Если внимательно проследить, в каких случаях наиболее правильно выполняется сценическая задача, то мы увидим, что это происходит тогда, когда сценическое действие развивается, растет от начала к концу этюда.

Развитие же и рост сценического действия в отличие от топтания на месте (с виду хотя бы и в «правдивой» форме) возможны только тогда, когда оно направлено на преодоление стоящих на его пути препятствий. Сценическая задача растет и осуществляется в борьбе с препятствиями. Под препятствиями мы должны понимать не только внешние, но и внутренние обстоятельства, противодействующие нашей задаче.

Например, я тороплюсь к поезду, вещи собраны, лежат у меня в комнате. Я прихожу за ними, а квартира оказывается запертой, и ключ потерян. В данном случае на пути к выполнению моей задачи будет стоять чисто внешние физические препятствия – запертые окна и дверь, через которые мне нужно проникнуть за вещами. Хочу написать неприятное письмо, но жалко человека, не решаюсь – препятствие внутреннее.

Чем труднее для меня преодоление этих препятствий, тем действенней (активней) будут развиваться моя задача и тем глубже и выразительней будет появившееся в результате выполнения задачи чувство – я буду расстроен, разозлен, буду возмущаться своей рассеянностью (так как я потерял ключ) и т. д., – словом, буду испытывать целый ряд чувств, которые появились бы у меня, если бы со мной в жизни произошла такая история.
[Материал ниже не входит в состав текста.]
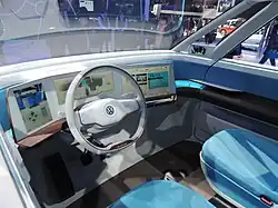 The BUDD-e was first shown at the 2016 Consumer Electronics Show;[2] Volkswagen stated that it would be released around 2020, though this appears to have been put back to 2023.[5][6] The BUDD-e was intended to feature touch, voice, and gesture control, as well as digital displays called E-Mirrors instead of the usual side mirrors.[7]

Цепь препятствий, стоящих на пути осуществления сценической задачи, является противодействием (контрдействием) сценического действия, данного в упражнении. Следовательно, в сценическую задачу, кроме трех элементов, из которых она слагается, вводится еще одно необходимое условие – «противодействие». Необходимо сознательно определить такое противодействие и его носителей в сложных этюдах, требующих развития сюжета (обусловленного заранее или чисто импровизированного, т. е. возникающего по ходу действия), однако наличие такого противодействия следует констатировать, с первых же самых несложных упражнений: ваше действие – найти грибы в лесу. Есть ли противодействие? Есть: грибы как бы прячутся от вас.

Сценическое чувство

Мы подходим к одному очень важному положению нашей системы, которое необходимо должно быть принято и усвоено: в борьбе сценического действия с противодействием рождается сценическое чувство. Рост, активность сценического действия обусловливают собою рост сценического чувства. Сценическое чувство есть результат выполнения сценической задачи.

Никогда не нужно искать чувство само по себе, выдавливать его из себя, «наживать» «настроения», «состояния» и пр. и пр. Если вы будете «высиживать» то или иное чувство или «настроение», то это приведёт вас, если его «не высидели», к обману, к показу чувства, «наигрышу», либо, если «высидели», – к нервозности и истерическому состоянию, вреднейшему и отвратительнейшему явлению на сцене.

Вы должны хотеть и действовать: если удастся вам осуществить свое хотение в борьбе с противодействием, с препятствием, в результате будет возникать чувство удовольствия, радости, восторга, – какое хотите; не удастся – появится чувство неудовольствия, раздражения, злобы, гнева и т. д. и т. п.

В каждом отдельном случае выявление того или иного чувства будет определяться и оправданием обстоятельств, и цепью причин, и окружающей обстановкой, и вашими, вам лично присущими, индивидуальными чертами.

Выявление одного и того же чувства удовольствия при нахождении грибного места у худого, длинного мрачного меланхолика или у круглого толстяка – весельчака – будут разными.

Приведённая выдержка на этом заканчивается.